What to do:
Everything from the line containing "63 prosenttia pk-yrityksistä" to the last line of the listing below should be restated exactly, both ends included, with nothing added and the pictures omitted.

Stored data:
..........
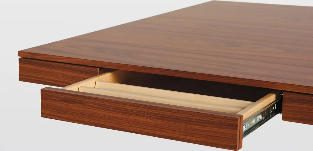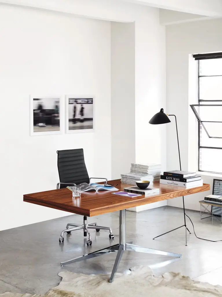 When Florence Knoll couldn't find a piece she needed, she designed it herself. Believing that an executive's desk should be a tool to facilitate communication, she designed her pedestal-base Executive Desk (1961), first known as Model 2485, to serve as both a desk and table in order to promote collaboration. The final result is a sleek, spacious desk with a slim rosewood top, pencil drawers, and a sturdy steel base.
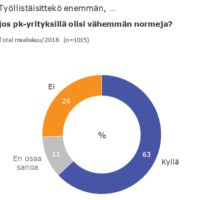63 prosenttia pk-yrityksistä sanoo työllistävänsä enemmän, jos normeja olisi vähemmän, kertoo tuore Yrittäjägallup. Suomen Yrittäjät vaatii, että yritysten sääntelykustannuksia on…
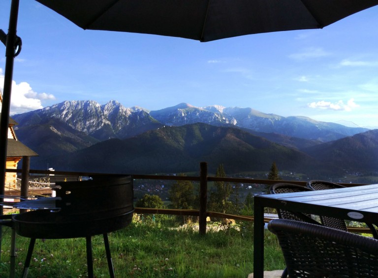 Tam miejsce grillowe z paleniskiem, stół, ławki, parasol ogrodowy. Wszystko to z niepowtarzalnym widokiem na Tatry
..........
Result:
63 prosenttia pk-yrityksistä sanoo työllistävänsä enemmän, jos normeja olisi vähemmän, kertoo tuore Yrittäjägallup. Suomen Yrittäjät vaatii, että yritysten sääntelykustannuksia on…
 Tam miejsce grillowe z paleniskiem, stół, ławki, parasol ogrodowy. Wszystko to z niepowtarzalnym widokiem na Tatry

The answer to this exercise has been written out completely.